Solvent properties of ionic liquids on complex formation of Ni(II) ion with molecular liquids.

Abstract

Room-temperature ionic liquids (ILs) attract much attention as green solvents because of their negligible volatility and non-flammability. In analytical chemistry, the application of ILs to chemical separation and solvent extraction has been investigated. However, there have been a smaller number of reports on the mechanisms of chemical equilibria in the solvents of ILs at a molecular level. In this review, the series of our investigations on the complex formation of Ni²⁺ ion with molecular liquids (MLs) in imidazolium-based ILs, 1-ethyl-3-methylimidazolium bis(trifluoromethylsulfonyl)amide ([C₂mim][TFSA]) and 1-methyl-3-octylimidazolium bis(trifluoromethylsulfonyl)amide ([C₈mim][TFSA]) was summarized. The MLs involved methanol (MeOH), ethanol (EtOH), acetonitrile (AN), and dimethyl sulfoxide (DMSO). In [C₂mim][TFSA], the Ni²⁺-ML complexes are stabler in the sequence of DMSO >> AN > EtOH ≈ MeOH complexes, which almost depends on the electron donicities of MLs.
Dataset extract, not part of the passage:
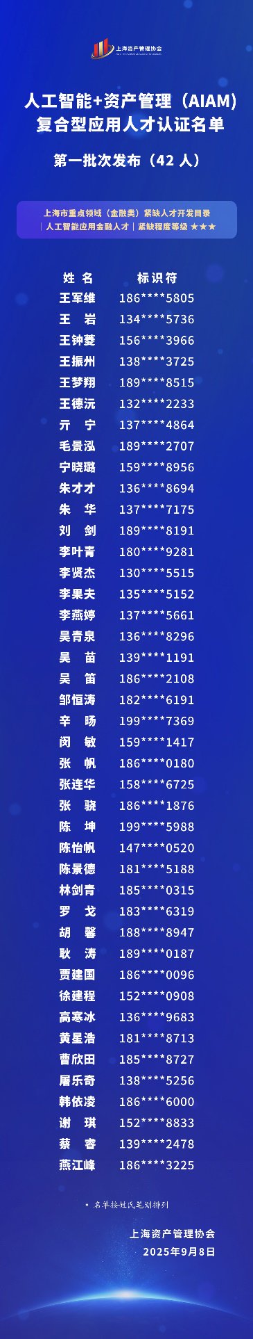 经AIAM人才集训和个人情况核实,9月8日,协会发布第一批次(42名)AIAM人才认证。

In contrast, in [C₈mim][TFSA], the sequence changes to AN > DMSO > EtOH > MeOH complexes, despite of the lowest electron donicity of AN. Thus, only the electron donicities of MLs do not decide the stability of the complexes. The reasons for the stabilities of the Ni²⁺-ML complexes were interpreted in terms of the microscopic interactions between ML and the ILs' cation observed by the infrared (IR) and ¹H and ¹³C nuclear magnetic resonance (NMR) spectroscopic techniques. Furthermore, to clarify the effects of ML cluster formation on the complex formation mechanisms, the heterogeneous mixing between IL and ML were quantitatively evaluated by small-angle neutron scattering (SANS) at the mesoscopic scale.